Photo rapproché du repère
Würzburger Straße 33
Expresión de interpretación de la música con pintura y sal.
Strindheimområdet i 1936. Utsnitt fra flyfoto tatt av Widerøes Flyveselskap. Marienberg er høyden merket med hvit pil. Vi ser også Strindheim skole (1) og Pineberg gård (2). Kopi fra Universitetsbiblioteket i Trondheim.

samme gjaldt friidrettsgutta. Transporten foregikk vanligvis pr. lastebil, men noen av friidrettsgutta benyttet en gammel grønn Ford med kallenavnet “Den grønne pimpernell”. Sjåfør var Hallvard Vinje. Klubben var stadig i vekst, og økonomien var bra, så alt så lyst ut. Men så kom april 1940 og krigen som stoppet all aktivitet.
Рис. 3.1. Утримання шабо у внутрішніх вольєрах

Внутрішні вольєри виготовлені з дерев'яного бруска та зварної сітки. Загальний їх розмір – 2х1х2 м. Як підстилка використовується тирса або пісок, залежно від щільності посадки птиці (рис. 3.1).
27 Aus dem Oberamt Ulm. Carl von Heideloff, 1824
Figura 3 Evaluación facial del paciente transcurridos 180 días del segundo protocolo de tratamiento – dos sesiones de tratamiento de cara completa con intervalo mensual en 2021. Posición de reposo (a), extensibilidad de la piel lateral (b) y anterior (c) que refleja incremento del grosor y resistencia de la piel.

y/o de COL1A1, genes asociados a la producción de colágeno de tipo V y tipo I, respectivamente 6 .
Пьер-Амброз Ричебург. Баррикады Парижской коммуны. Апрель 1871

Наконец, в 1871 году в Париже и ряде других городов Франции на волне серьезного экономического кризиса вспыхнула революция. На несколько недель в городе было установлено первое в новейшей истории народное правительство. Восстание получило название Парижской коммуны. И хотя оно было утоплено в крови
○ ○ ○
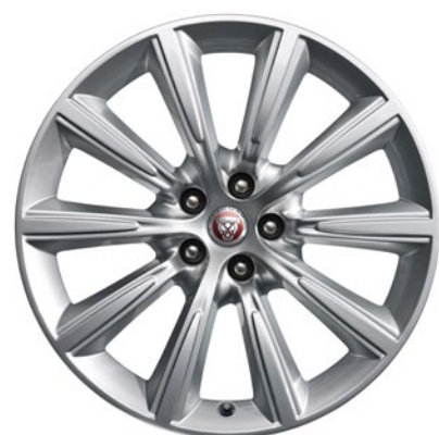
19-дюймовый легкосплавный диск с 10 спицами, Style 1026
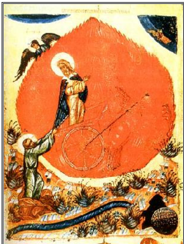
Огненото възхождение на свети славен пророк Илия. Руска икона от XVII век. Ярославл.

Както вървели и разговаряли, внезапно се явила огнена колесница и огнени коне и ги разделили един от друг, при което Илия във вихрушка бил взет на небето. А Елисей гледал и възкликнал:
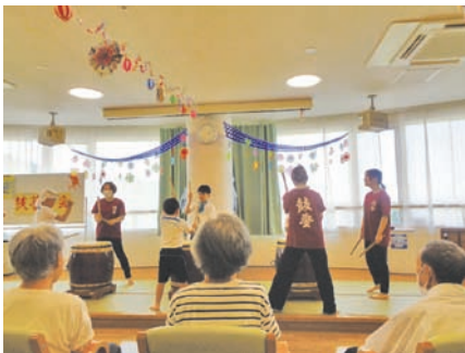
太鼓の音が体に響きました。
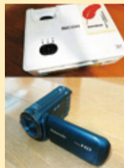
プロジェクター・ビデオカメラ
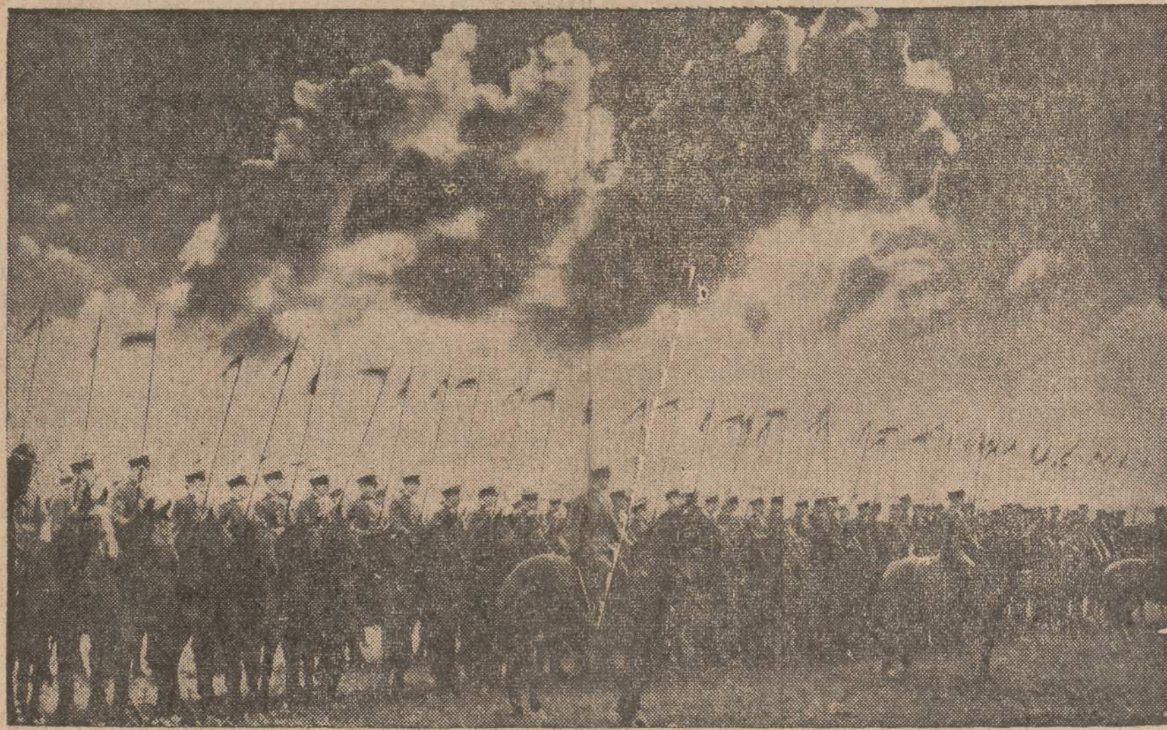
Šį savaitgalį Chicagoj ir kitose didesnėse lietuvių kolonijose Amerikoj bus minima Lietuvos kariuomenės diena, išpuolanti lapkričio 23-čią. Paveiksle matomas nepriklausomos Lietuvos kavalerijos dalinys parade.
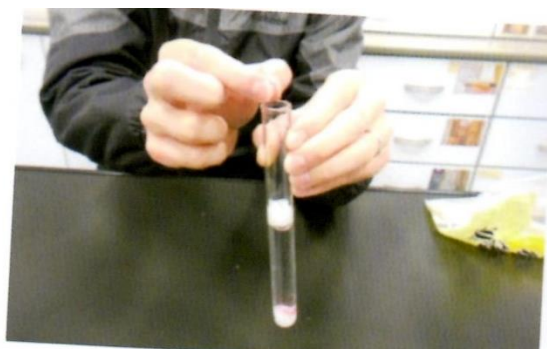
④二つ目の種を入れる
○ ○ ○
- What the exercise asks:
Return only the part of the records above that opens with the line containing "Expresión de interpretación" and closes with the line containing "Strindheimområdet i 1936.", ends included.

- Solution to the exercise:
Expresión de interpretación de la música con pintura y sal.
Strindheimområdet i 1936. Utsnitt fra flyfoto tatt av Widerøes Flyveselskap. Marienberg er høyden merket med hvit pil. Vi ser også Strindheim skole (1) og Pineberg gård (2). Kopi fra Universitetsbiblioteket i Trondheim.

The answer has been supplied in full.